A democracy depends upon the will of the majority, and youth comprises the majority in India. The youth of India has a very important role to play in shaping India. They are soon turning out to be a responsible part of the population, who wish to see a change in the governance. They are not scared of voicing their opinion, or of bearing the consequences which come later. They are also aware that they have responsibilities when it comes to the nation, and that nobody else but they could save the country which might soon be in a crisis. Understanding the current situation, there is a major role of the youth in the Indian democracy, given the freedom to work the way they want to, they can change, or rather transform the way our country functions. Here’s how-

1) Decision making – The youngsters, even though regarded as impulsive and frivolous, have the knack of making a wise decision in the time of need. They have the ability to detach themselves from the scenario and make a decision based on the third-person perspective. They are courageous, so they don’t care about what will follow until they are sure of their decision. They are passionate, so they think about the bigger picture, and they decide based on what good it will bring to the whole nation, and not just themselves. They are also unconventional thinkers, so their strategies can pose a serious challenge to the thoughts of anybody who doesn’t think rationally and reasonably.

2) Running in the campaign – Another role that the youth can take over is by running in the campaign and becoming the change that they wish to see in the country. The youth, with its refreshing ideas and courage, is capable of a lot more than what our current leaders are providing. Giving a chance to the youth to lead the country would be a welcome change and this change could be sustained under the leadership of like-minded people. There are lesser chances of conflict of interest of the population and their leadership, and that would push the country on to the road to prosperity.

3. Voting – Another possible change that can be brought in the Indian democracy by the youth is when they realize the power they have in their hands. In every general election, a massive part of the votes come from the youth, and some of them are first-time voters. In 2014, 150 million new voters were added to the electoral list. The power of this number and the decision-making ability of the youth combined is capable of showing a new era to the Indian democracy as and when needed.

4) Social media – Various things like social media and other ways of conveying one’s thoughts are emerging to be a very important part of Indian democracy. Through social media, various leaders try to put forth an image of themselves, which might help the voters in deciding if they are capable leaders or not. Similarly, the youth doesn’t shy from putting forth their ideas about the various nominees and political parties which forms a popular opinion about the people contesting in the elections.

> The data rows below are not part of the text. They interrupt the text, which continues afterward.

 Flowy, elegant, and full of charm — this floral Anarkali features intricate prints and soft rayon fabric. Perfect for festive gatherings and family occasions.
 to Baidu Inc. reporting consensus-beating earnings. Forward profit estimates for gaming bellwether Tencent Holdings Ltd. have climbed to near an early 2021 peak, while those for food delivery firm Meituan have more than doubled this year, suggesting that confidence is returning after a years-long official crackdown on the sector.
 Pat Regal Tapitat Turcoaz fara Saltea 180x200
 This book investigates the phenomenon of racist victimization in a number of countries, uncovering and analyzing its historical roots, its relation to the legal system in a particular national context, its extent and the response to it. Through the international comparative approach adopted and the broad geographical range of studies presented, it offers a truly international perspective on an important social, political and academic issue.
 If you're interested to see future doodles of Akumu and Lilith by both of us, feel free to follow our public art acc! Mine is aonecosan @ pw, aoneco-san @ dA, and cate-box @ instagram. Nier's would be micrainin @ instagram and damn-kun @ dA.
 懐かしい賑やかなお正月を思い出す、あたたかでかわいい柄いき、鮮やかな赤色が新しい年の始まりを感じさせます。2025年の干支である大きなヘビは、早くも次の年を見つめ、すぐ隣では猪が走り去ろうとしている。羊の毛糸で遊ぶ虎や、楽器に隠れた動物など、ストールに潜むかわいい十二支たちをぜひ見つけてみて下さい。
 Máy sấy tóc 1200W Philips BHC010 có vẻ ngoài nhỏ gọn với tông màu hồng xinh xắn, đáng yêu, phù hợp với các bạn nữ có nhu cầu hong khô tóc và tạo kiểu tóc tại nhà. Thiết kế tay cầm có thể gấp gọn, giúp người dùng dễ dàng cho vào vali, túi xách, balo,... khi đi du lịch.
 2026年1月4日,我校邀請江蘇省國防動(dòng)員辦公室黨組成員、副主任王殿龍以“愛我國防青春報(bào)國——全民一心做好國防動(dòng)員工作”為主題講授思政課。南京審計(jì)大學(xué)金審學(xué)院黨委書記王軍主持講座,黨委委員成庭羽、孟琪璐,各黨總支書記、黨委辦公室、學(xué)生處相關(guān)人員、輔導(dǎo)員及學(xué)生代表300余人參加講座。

The young voters can play an important role in global politics by exercising their right to vote. The constitution, having bestowed the youth with the right to vote, is itself a blessing for the country. A single stick can be broken with just a hit, two sticks can still be broken, but when a bunch of sticks is being tied together, they cannot be broken, and that is the exact cause of the present-day youth. If the youth today understand the present-day scenario of the governance in India, know their voting rights, they can choose a better government to govern the country. Having exercised their right to vote, they can change the government with their collective power and effort. Hence, the youth having the right to vote in itself is the biggest power they possess in bringing good governance in India.


In order to make sense of turnout numbers, one needs a “theory of turnout” — an understanding of why a young voter may decide to go to the polling booth or to stay at home. In simplest terms, young voters are willing to go to the polls if the relative benefit of turning up to vote outweighs the relative costs of doing.

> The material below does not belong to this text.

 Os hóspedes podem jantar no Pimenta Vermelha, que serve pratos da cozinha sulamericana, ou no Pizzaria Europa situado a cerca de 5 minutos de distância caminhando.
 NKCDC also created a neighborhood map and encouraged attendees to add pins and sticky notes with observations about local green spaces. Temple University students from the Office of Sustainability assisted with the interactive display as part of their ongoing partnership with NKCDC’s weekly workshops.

The relative cost of turning out is affected primarily by party organizations. Good party organizations have polling booth workers who go to the homes of supporters and assist them in coming to vote, working around employment and housework.

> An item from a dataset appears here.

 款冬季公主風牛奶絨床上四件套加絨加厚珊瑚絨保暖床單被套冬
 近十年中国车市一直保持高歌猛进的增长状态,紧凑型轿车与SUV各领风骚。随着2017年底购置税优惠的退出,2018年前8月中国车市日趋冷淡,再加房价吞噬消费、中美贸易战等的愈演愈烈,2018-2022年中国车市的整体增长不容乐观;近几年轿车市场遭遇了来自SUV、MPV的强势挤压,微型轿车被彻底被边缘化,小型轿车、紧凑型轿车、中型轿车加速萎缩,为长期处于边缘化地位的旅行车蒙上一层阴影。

Party operatives can also use threats — of negative consequences for supporters who do not turn out or non-supporters who do — to affect the relative cost of turning up to vote. One should expect an incumbent party that has strengthened its grip on political financing and developed an effective media strategy to particularly reap the reward of increased turnout among supporters.


• According to Article 324 of the Constitution of India, there shall be one universal electoral roll for every territorial constituency for election to either House of Parliament or the House or either House of the Legislature of a State and no person shall be unqualified for inclusion in any such roll or claim to be included in any special electoral roll for any such constituency on grounds only of religion, race, caste, sex or any of them.

• Article 325 is of critical significance for maintaining the secular character of the Constitution. Any breach of the said provision cannot, but have an adverse impact on the secular character of the Republic, which is one of the basic features of the Constitution. The same is correct regarding the provisions of clause (1) of Article 15, which prohibits reservation of seats in the legislatures on the ground only of religion.

• According to Article 327 of the Constitution of India, subject to the supplies of this Constitution, Parliament may from time to time, by law, make provisions with respect to all matters relating to, or in connection with, elections to either House of Parliament or the House or either House of the Legislature of a State counting the preparation of the electoral rolls, the demarcation of constituencies, and all other matters essential for securing the due constitution of such House or Houses.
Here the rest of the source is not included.